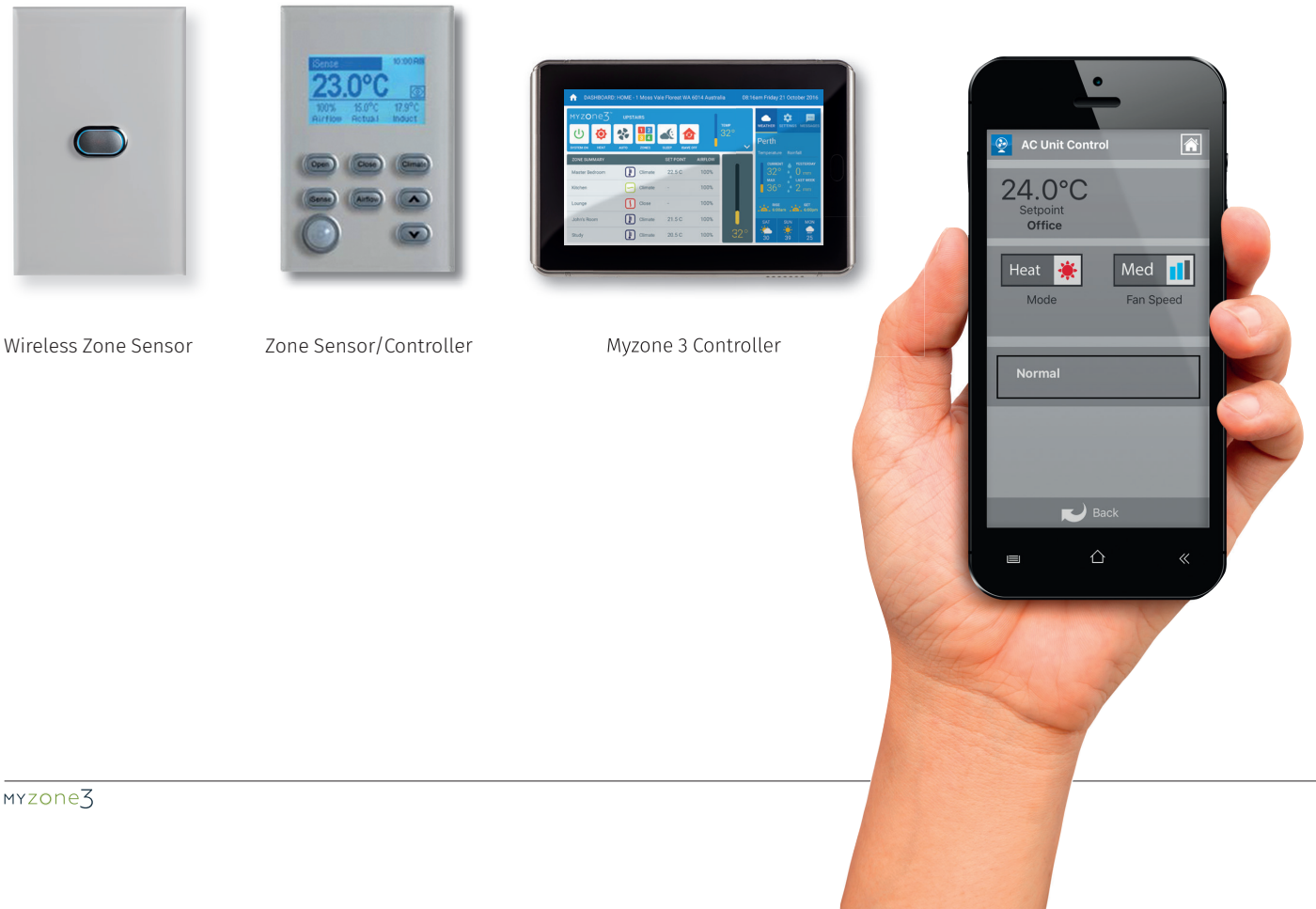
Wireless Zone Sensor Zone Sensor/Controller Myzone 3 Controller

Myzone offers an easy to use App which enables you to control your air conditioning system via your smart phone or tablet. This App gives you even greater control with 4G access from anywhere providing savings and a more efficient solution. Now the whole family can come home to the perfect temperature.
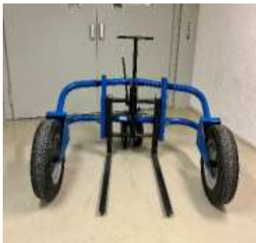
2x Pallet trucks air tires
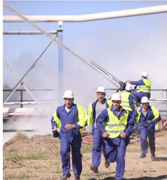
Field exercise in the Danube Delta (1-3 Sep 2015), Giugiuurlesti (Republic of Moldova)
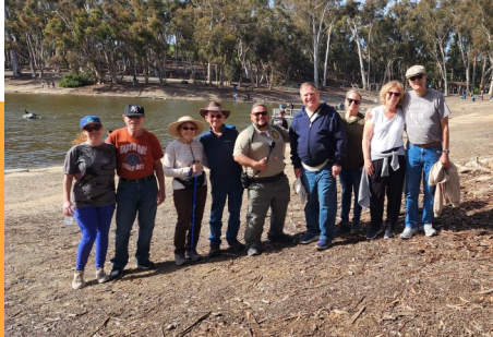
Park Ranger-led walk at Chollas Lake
.....
▶ **Prompt**: The lines from the one containing "Myzone offers an" through the last line of the data above are to be transcribed exactly, both included, with all pictures left out.

▶ **The answer**:
Myzone offers an easy to use App which enables you to control your air conditioning system via your smart phone or tablet. This App gives you even greater control with 4G access from anywhere providing savings and a more efficient solution. Now the whole family can come home to the perfect temperature.
2x Pallet trucks air tires
Field exercise in the Danube Delta (1-3 Sep 2015), Giugiuurlesti (Republic of Moldova)
Park Ranger-led walk at Chollas Lake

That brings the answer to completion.